How many numbers of $7$ digits can be formed with the digit $0,1,1,5,6,6,6$.
My attempt:
Seventh place, total number of possibility is $=\frac{6!}{2!\times 3!}=60$ ways.
Sixth place, total number of possibility is $=\frac{7!}{2!\times 3!}=420$ ways.
fifth place, total number of possibility is $=\frac{7!}{2!\times 3!}=420$ ways.
Fourth place, total number of possibility is $=\frac{7!}{2!\times 3!}=420$ ways.
Third place, total number of possibility is $=\frac{7!}{2!\times 3!}=420$ ways.
Second place, total number of possibility is $=\frac{7!}{2!\times 3!}=420$ ways.

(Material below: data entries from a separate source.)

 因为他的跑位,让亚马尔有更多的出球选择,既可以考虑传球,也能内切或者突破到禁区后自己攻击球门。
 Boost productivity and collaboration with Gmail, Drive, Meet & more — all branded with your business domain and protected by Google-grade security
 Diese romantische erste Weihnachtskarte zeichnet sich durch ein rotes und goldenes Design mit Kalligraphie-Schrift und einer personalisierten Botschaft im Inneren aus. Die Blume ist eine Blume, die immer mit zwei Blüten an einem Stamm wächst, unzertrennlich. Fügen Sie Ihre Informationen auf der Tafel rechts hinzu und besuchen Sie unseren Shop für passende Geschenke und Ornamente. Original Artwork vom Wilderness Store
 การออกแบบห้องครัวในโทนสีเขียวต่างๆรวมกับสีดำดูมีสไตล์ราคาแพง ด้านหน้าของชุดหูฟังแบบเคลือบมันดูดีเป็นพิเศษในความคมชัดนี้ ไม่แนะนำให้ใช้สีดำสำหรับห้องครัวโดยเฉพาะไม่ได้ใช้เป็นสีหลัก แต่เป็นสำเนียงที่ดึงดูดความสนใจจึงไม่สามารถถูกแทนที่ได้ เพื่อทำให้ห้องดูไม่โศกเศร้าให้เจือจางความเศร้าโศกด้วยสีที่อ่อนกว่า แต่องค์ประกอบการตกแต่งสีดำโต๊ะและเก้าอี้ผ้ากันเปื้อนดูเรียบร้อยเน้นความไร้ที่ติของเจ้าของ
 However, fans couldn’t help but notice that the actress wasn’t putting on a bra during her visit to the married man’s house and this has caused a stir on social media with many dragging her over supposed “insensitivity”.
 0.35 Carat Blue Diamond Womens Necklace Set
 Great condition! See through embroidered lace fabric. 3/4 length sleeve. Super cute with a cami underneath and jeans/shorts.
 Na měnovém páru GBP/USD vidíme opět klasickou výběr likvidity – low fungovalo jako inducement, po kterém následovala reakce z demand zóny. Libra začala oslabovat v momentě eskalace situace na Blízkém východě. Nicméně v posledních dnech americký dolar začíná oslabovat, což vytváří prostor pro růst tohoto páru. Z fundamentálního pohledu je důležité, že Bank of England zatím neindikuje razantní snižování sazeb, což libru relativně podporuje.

First place, total number of possibility is $=\frac{7!}{2!\times 3!}=420$ ways.
Therefore,
Total possible numbers are $60\times 420\times 420\times 420\times 420\times 420\times 420 = 32934190464\times10^7$.
( Ohh, Seriously ! ).
Can you explain in formal/alternative way, please?
Best Answer
There are $7$ symbols, that can be arranged in $7!$ many ways.

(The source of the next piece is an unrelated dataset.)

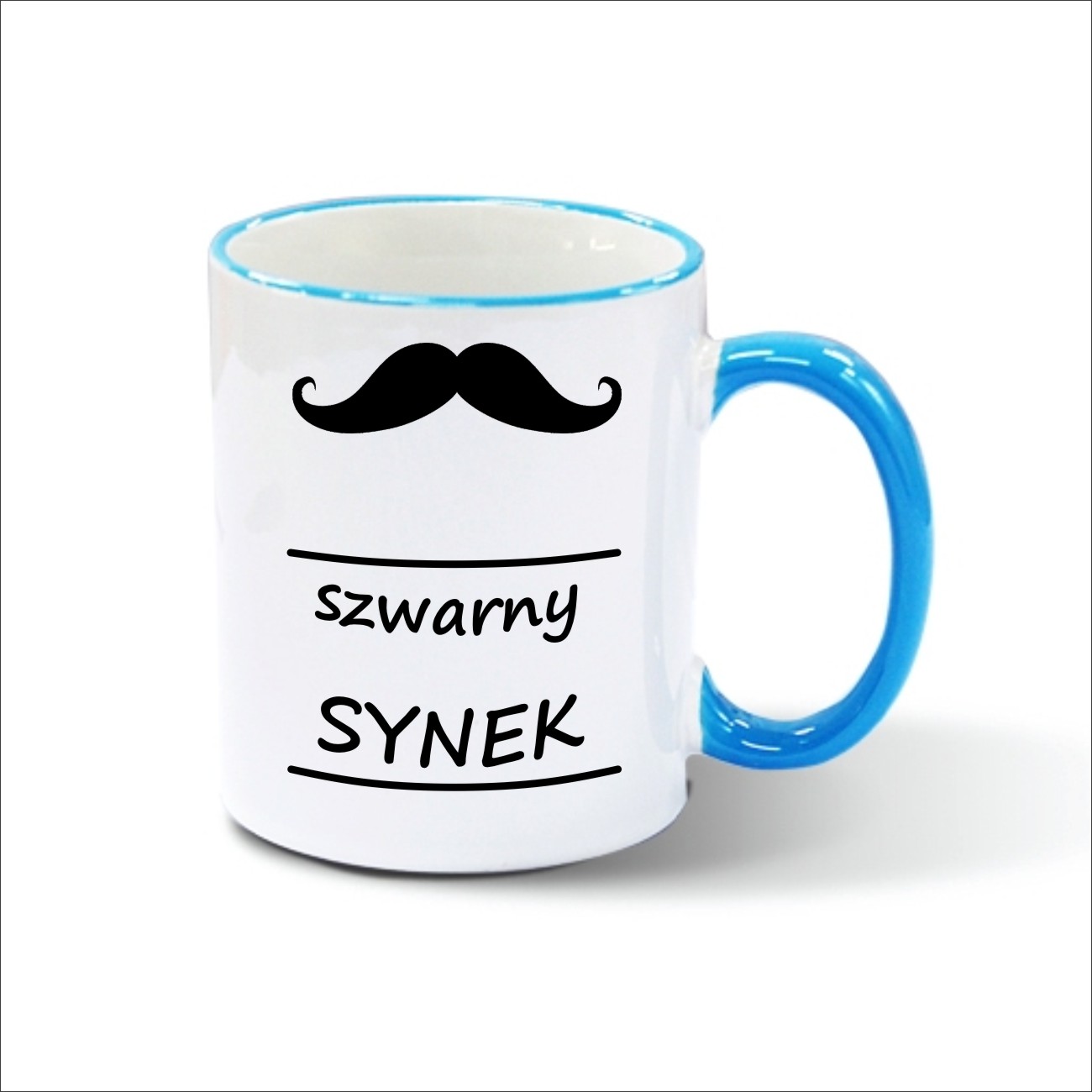 Kubek – SZWARNY SYNEK biały z niebieskim uszkiem o pojemności 330 ml z dwustronnym nadrukiem.

However, the three $6$'s and $2$ $1$'s can be interchanged, so we have $\frac{7!}{3! 2!} = 420$ many such sequences. But I think $0$ at the start is forbidden , so we have to substract all sequences that start with $0$, of which there are $\frac{6!}{3! 2!} = 60$. That leaves 360 numbers.